**EXERCISE DETAILS**
Every line of the data below is to be duplicated exactly, pictures excepted.

##### DATASET CONTENT #####

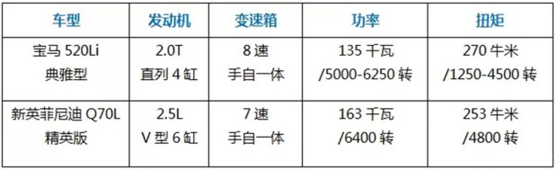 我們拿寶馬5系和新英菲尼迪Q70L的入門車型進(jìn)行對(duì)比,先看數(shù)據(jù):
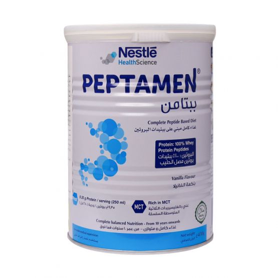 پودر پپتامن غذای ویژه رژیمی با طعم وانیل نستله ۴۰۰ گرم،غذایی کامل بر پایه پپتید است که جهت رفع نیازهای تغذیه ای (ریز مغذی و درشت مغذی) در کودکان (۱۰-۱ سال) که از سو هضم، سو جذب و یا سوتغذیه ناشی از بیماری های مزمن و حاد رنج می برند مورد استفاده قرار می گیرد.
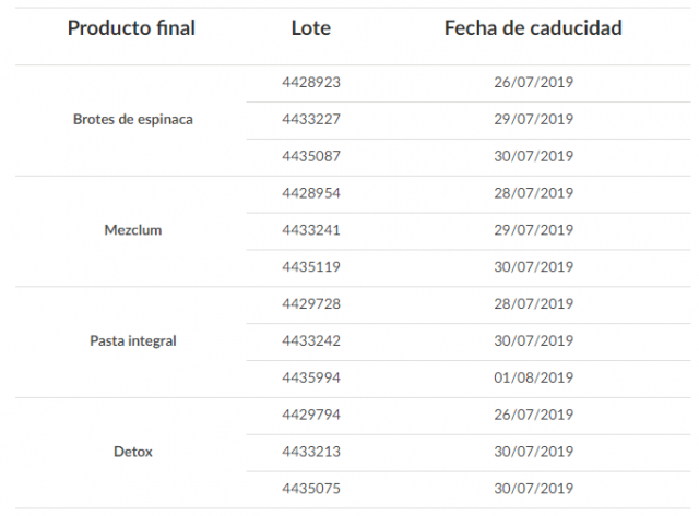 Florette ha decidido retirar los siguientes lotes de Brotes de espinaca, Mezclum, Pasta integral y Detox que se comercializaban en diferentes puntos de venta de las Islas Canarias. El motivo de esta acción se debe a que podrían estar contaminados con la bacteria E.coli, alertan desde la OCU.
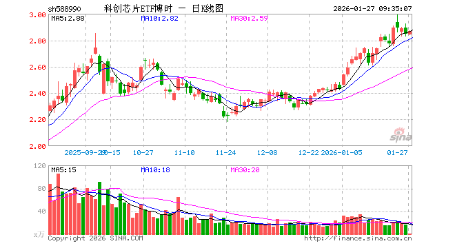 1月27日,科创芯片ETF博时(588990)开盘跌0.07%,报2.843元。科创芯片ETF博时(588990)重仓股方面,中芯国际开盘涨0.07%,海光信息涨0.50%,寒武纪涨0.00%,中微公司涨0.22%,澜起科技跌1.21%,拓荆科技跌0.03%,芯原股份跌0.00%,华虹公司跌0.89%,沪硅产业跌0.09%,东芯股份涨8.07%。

#####

**SOLUTION FOR THIS TASK**
 我們拿寶馬5系和新英菲尼迪Q70L的入門車型進(jìn)行對(duì)比,先看數(shù)據(jù):
 پودر پپتامن غذای ویژه رژیمی با طعم وانیل نستله ۴۰۰ گرم،غذایی کامل بر پایه پپتید است که جهت رفع نیازهای تغذیه ای (ریز مغذی و درشت مغذی) در کودکان (۱۰-۱ سال) که از سو هضم، سو جذب و یا سوتغذیه ناشی از بیماری های مزمن و حاد رنج می برند مورد استفاده قرار می گیرد.
 Florette ha decidido retirar los siguientes lotes de Brotes de espinaca, Mezclum, Pasta integral y Detox que se comercializaban en diferentes puntos de venta de las Islas Canarias. El motivo de esta acción se debe a que podrían estar contaminados con la bacteria E.coli, alertan desde la OCU.
 1月27日,科创芯片ETF博时(588990)开盘跌0.07%,报2.843元。科创芯片ETF博时(588990)重仓股方面,中芯国际开盘涨0.07%,海光信息涨0.50%,寒武纪涨0.00%,中微公司涨0.22%,澜起科技跌1.21%,拓荆科技跌0.03%,芯原股份跌0.00%,华虹公司跌0.89%,沪硅产业跌0.09%,东芯股份涨8.07%。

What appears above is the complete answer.